Desde hace milenios, la interacción entre el dolor físico y la percepción del mundo ha sido observado por filósofos y científicos. Sin embargo, pocos análisis sistémicos relacionan estas dos formas de abordar el tema del dolor desde una perspectiva médica, aunque ahora ya se propone esta complementariedad.1


En décadas recientes, la Asociación Americana de Psiquiatría y la Organización Mundial de la Salud introdujeron una taxonomía en el campo de la salud mental como un esfuerzo por clarificar la confusa semántica y terminar con el debate de las enfermedades psiquiátricas. La clasificación del Manual Diagnóstico y Estadístico (DSM) y la Clasificación Internacional de Enfermedades (ICD), actualmente en su cuarta y décima revisión respectivamente, abandonan el término de depresión endógena por una definición más favorable etimológicamente de depresión mayor.1
 

EL DOLOR EN LA DEPRESIÓN
 

La importancia del dolor con síntomas complejos, como son los de la depresión, fueron reconocidos paulatinamente desde hace 70 años.

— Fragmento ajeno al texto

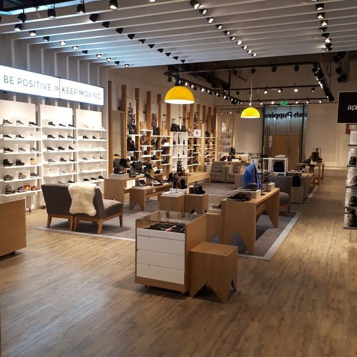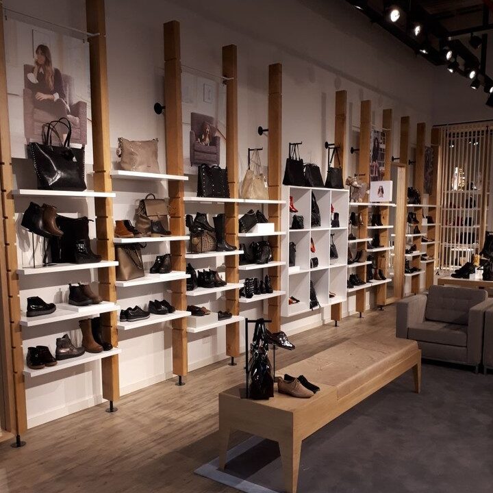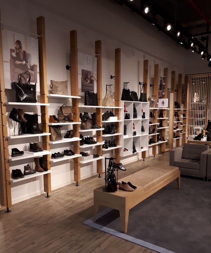 El diseño del local combina calidez y funcionalidad en un ambiente cómodo y relajado. La madera clara y los tonos neutros enmarcan una exhibición ordenada, con zonas de descanso que mejoran la experiencia de compra. Elementos gráficos y luminarias amarillas refuerzan la identidad de marca, creando un espacio moderno, amable y memorable.

  • Entre los síntomas vegetativos y somáticos de los trastornos depresivos, el dolor se encierra en un segundo lugar justo después del insomnio.

  • El dolor incluye cefaleas, dolor facial, dolor de cuello y espalda, dolor pélvico, torácico, abdominal y de extremidad. Pueden ocurrir en el 50% de los trastornos depresivos.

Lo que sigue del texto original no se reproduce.